Australian Plan to Rate Social Media Posts Offends First Amendment Principles
The United States is unique among nations for its liberal approach to free expression—and we’re fortunate to have this approach written into our law through the First Amendment. However, people from other countries often do not share the American ethos of free speech. So the results of a recent study on attitudes towards social media among members of university communities in Australia and New Zealand were lamentable but not surprising.
As Carl Straumsheim reports in Inside Higher Ed, students and faculty in these two countries supported the idea that university administrators should rate social media posts brought to their attention on a 1–4 scale and warn or sanction a student for posting something that falls under category 3 or 4. (Survey respondents also agreed, however, that schools should not actively monitor social media sites for inappropriate or offensive comments.)
The survey offered a range of hypothetical posts and asked survey respondents to rate them. What speech would warrant counseling or warning by a university administrator? Anything from “I wish he’d get to the point. He just talks and talks and I can’t even
understand him half the time. He needs to learn f***ing English” (low on the counseling scale) to “I wish Gina would die!! aaaargh! I think I might kill her tomorrow! Stick a knife rihht [sic] in her! LOL!” (high on the warning scale). If we can assume that people issuing true threats don’t usually punctuate them with “aaaargh!” and “LOL!,” this is is the kind of tasteless speech that the First Amendment protects.
The lead researcher, Professor John Rowe, stated that because social media is so ubiquitous, the results of his survey “apply to Western institutions in general.” This may be true in Europe, where people frequently tolerate a great deal of censorship. For instance, according to Jay Arthur writing at The Huffington Post, the British government has prevailed upon Internet service providers in the UK to block information about drug legalization using “porn filters” in order to protect the “innocence of children.” But I’d like to think most Americans, including college students, would hesitate before advocating the official, legal punishment of someone whose “threat” contained “LOL!”
Professor Rowe, an Australian, might be excused for not taking American values of free speech or the legal requirements of the First Amendment into account. The same cannot be said of American college administrators.
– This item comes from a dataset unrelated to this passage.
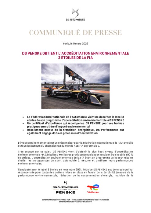 L’impact environnemental est un enjeu majeur pour la Fédération Internationale de l’Automobile et tous les acteurs du championnat du monde ABB FIA de Formule E. Très engagé sur ce sujet, DS PENSKE vient d’obtenir le plus haut niveau d’accréditation environnementale FIA (3 étoiles / Meilleures pratiques) requis pour la saison 9 de la série 100 % électrique.

Indeed, the current president of the Association for Student Conduct Administration (ASCA), Matthew Gregory, told Straumsheim that “[f]ree speech is a fine line” and “[h]aving a rubric with a range of options universities need to identify those level three-level four posts would be a sound action.”
No, it wouldn’t. The First Amendment protects a wide range of thought, debate, insight, and brilliance—as well as quackery, foolishness, maliciousness, and everything in between. Having a rubric in which college administrators would categorize social media posts, according to undefined criteria, into those that should be ignored, possibly ignored, acted upon by counseling, or sanctioned would inevitably be abused. Just ask Matt Werenczak, who was expelled from the Syracuse University School of Education for a Facebook post—and not readmitted until FIRE intervened. Werenczak is only one of the many examples of students who have been subject to censorship of, or punishment for, their social media communications that can be found in FIRE’s case archives.
On July 1, FIRE launched the Stand Up For Speech Litigation Project, an initiative that will drive home, once and for all, the Supreme Court’s declaration that “state colleges and universities are not enclaves immune from the sweep of the First Amendment.” FIRE will keep working with students to file lawsuits challenging speech codes until the only rational response to a survey asking whether universities should punish students for social media posts is: “Why would you do something that laughably unconstitutional?”